I build the pipline with thread-pool functions and pass context.Context in it as argument. When cancel() function called, or timeout expired the pipeline must terminate gracefully so that there are no working goroutines left.
functions I work with:
func generate(amount int) <-chan int {
result := make(chan int)
go func() {
defer close(result)
for i := 0; i < amount; i++ {
result <- i
}
}()
return result
}
func sum(input <-chan int) int {
result := 0
for el := range input {
result += el
}
return result
}
func process[T any, R any](ctx context.Context, workers int, input <-chan T, do func(T) R) <-chan R {
wg := new(sync.WaitGroup)
result := make(chan R)
for i := 0; i < workers; i++ {
wg.Add(1)
go func() {
defer wg.Done()
for {
select {
case <-ctx.Done():
return
case val, ok := <-input:
if !ok {
return
}
select {
case <-ctx.Done():
return
case result <- do(val):
}
}
}
}()
}
go func() {
defer close(result)
wg.Wait()
}()
return result
}
Usage:
func main() {
ctx, cancel := context.WithTimeout(context.Background(), 1200*time.Millisecond)
defer cancel()
input := generate(1000)
multiplied := process(ctx, 15, input, func(val int) int {
time.Sleep(time.Second)
return val * 2
})
increased := process(ctx, 15, multiplied, func(val int) int {
return val + 10
})
fmt.Println("Result: ", sum(increased)) // 360 is ok
fmt.Println("Num goroutine: ", runtime.NumGoroutine()) // 18 is too much
}
I understand that this happened because all the increase goroutines ended, while the multiply goroutines were still running.

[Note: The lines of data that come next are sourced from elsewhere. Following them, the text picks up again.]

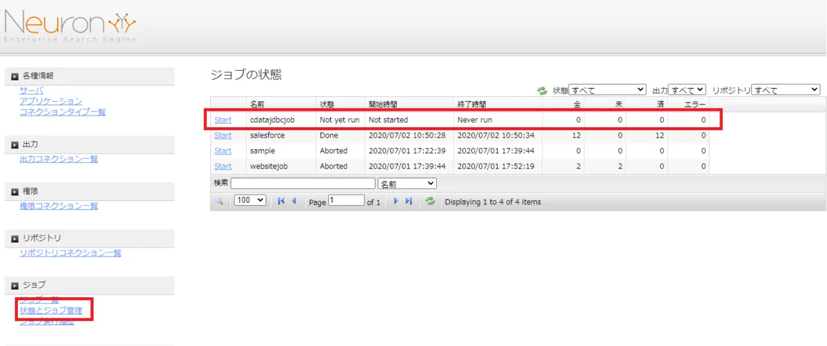 実際にNeuron で作成したジョブを実行します。[ジョブ]→[状態とジョブ管理]をクリックし、作成したジョブの[Start]をクリックします。
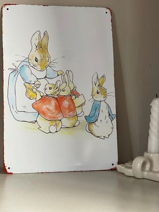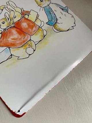 Decorazione in metallo con un'illustrazione dei personaggi di Beatrix Potter. - Design colorato e vivace. - Bordi leggermente anticati per un tocco vintage. Leggera piegatura su un bordo (evidenziata) Misura 30x20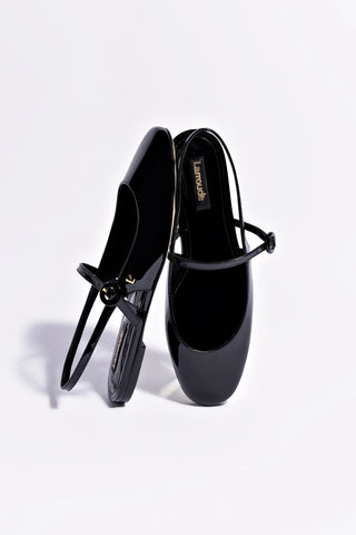 Larroudé x Jonathan Cohen: Mule Greta Couro Verniz Preto e Franjas

Is there any canonical way to solve this problem?
You expecting something like structured concurrency, so all goroutines should end at the end of the current scope, but do not design your code according to your expectations. You'll leak generate
when the input channel is not depleted and your do
functions are not cancellable.
Adding cancelability to generate
and your do
functions helps a little:
package main
import (
"context"
"fmt"
"runtime"
"sync"
"time"
)
func main() {
ctx, cancel := context.WithTimeout(context.Background(), 1200*time.Millisecond)
defer cancel()
input := generate(ctx, 1_000)
multiplied := process(ctx, 15, input, func(ctx context.Context, val int) (int, error) {
select {
case <-ctx.Done():
return 0, ctx.Err()
case <-time.After(time.Second):
return val * 2, nil
}
})
increased := process(ctx, 15, multiplied, func(_ context.Context, val int) (int, error) {
return val + 10, nil
})
fmt.Println("Result: ", sum(increased)) // 360 is ok
fmt.Println("Num goroutine: ", runtime.NumGoroutine()) // 18 is too much
}
func generate(ctx context.Context, amount int) <-chan int {
input := make(chan int)
go func() {
defer close(input)
for i := 0; i < amount; i++ {
select {
case <-ctx.Done():
return
case input <- i:
}
}
}()
return input
}
func sum(input <-chan int) int {
result := 0
for el := range input {
result += el
}
return result
}
func process[T any, R any](ctx context.Context, workers int, input <-chan T, do func(context.Context, T) (R, error)) <-chan R {
wg := new(sync.WaitGroup)
result := make(chan R)
for i := 0; i < workers; i++ {
wg.Add(1)
go func() {
defer wg.Done()
for {
select {
case <-ctx.Done():
return
case val, ok := <-input:
if !ok {
return
}
r, err := do(ctx, val)
if err != nil {
return
}
result <- r
}
}
}()
}
go func() {
defer close(result)
wg.Wait()
}()
return result
}
More is mentioned in āAdvanced Go Concurrency Patternsā, but as a general recommendation I would advise to write synchronous code first when you aim for structured concurrency and later work to run them concurrently it.